» **Information shown**

- - - - -

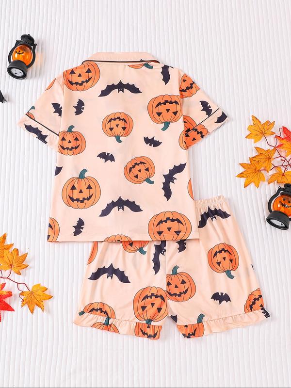 5. Halloween Children's 2-Piece Pajamas Set, New Halloween Bat Pumpkin Head Ghost Star Cardigan Short Sleeve Shorts,'s Medium and Large Pajamas for Party, Daily Wear, Vacation Home Clothes 2-Piece Pajamas Set
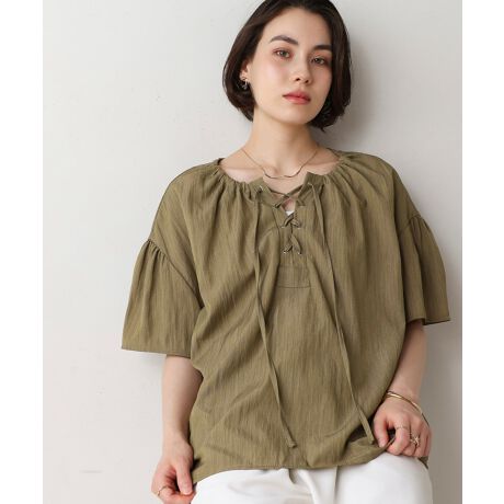 トレンドのレースアップデザインが、フェミニンな印象をプラス。紐の結び方で、Vネックの深さを調整できます。スキッパーのデザインなので顔周りをすっきりと見せてくれます。着丈が長めのゆったりシルエットなので、気になる腰回りもカバーしてくれるのも嬉しいポイント♪
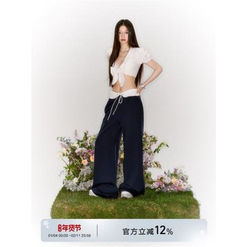 LaluneDuCiel 可拆卸綁帶腰頭休閑運動褲女夏季闊腿寬松直筒褲子
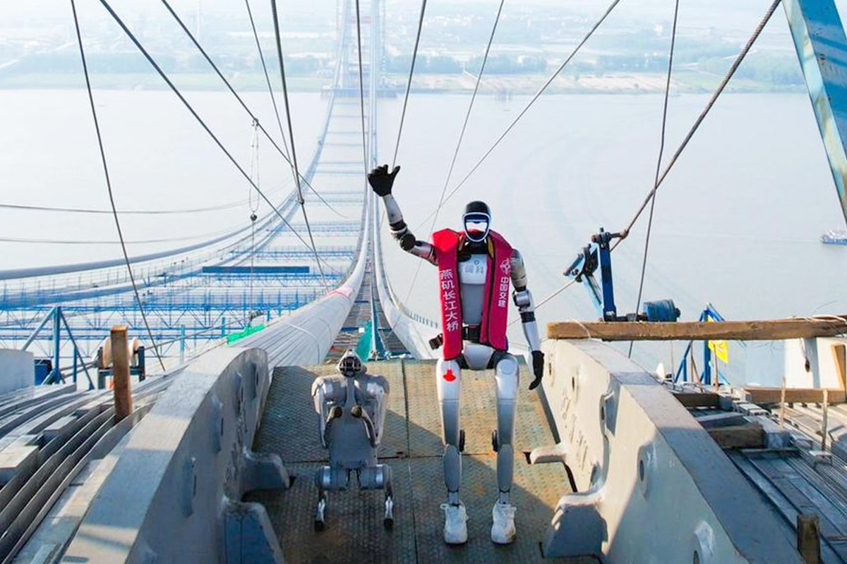 تسلق روبوت وكلب روبوت أخيراً جسر يانجي على نهر اليانغتسي في وسط الصين، ليشاركا في تحدي المشي على أطول «طريق قطط» في العالم.

- - - - -

» **Exercise aim**
From the line that contains "LaluneDuCiel 可拆卸綁帶腰頭休閑運動褲女夏季闊腿寬松直筒褲子" to the end of the material above, output every line exactly, both ends included, but leave out any pictures.

» **Problem solution**
 LaluneDuCiel 可拆卸綁帶腰頭休閑運動褲女夏季闊腿寬松直筒褲子
 تسلق روبوت وكلب روبوت أخيراً جسر يانجي على نهر اليانغتسي في وسط الصين، ليشاركا في تحدي المشي على أطول «طريق قطط» في العالم.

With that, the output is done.